## Exercise
Output what the records say, word for word, with no images.

## Data in this exercise
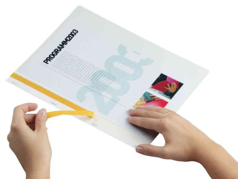
2. Schutzfolie vom Klebestreifen entfernen
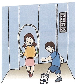
☆とんだり、はねたりは事故のもと
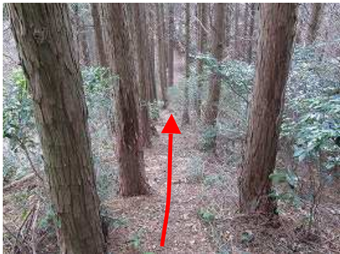
ヒノキの植林帯を降る。
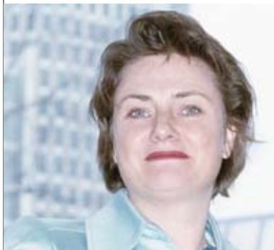
Karien van Gennip De Staatssecretaris van Economische Zaken
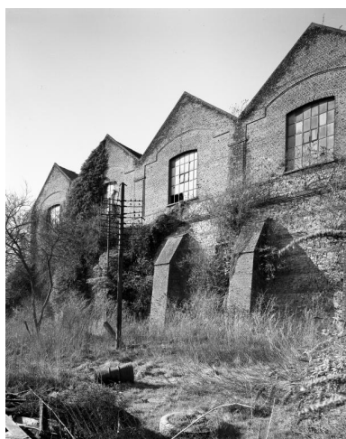
Remise ferroviaire et contreforts. Élévation postérieure, sur la Sambre. IVR31_19955900198V
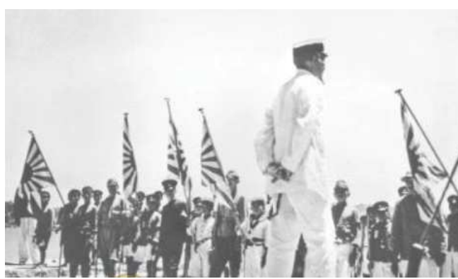
昭和18年頃 海洋少年団訓練

## Exercise solution
2. Schutzfolie vom Klebestreifen entfernen
☆とんだり、はねたりは事故のもと
ヒノキの植林帯を降る。
Karien van Gennip De Staatssecretaris van Economische Zaken
Remise ferroviaire et contreforts. Élévation postérieure, sur la Sambre. IVR31_19955900198V
昭和18年頃 海洋少年団訓練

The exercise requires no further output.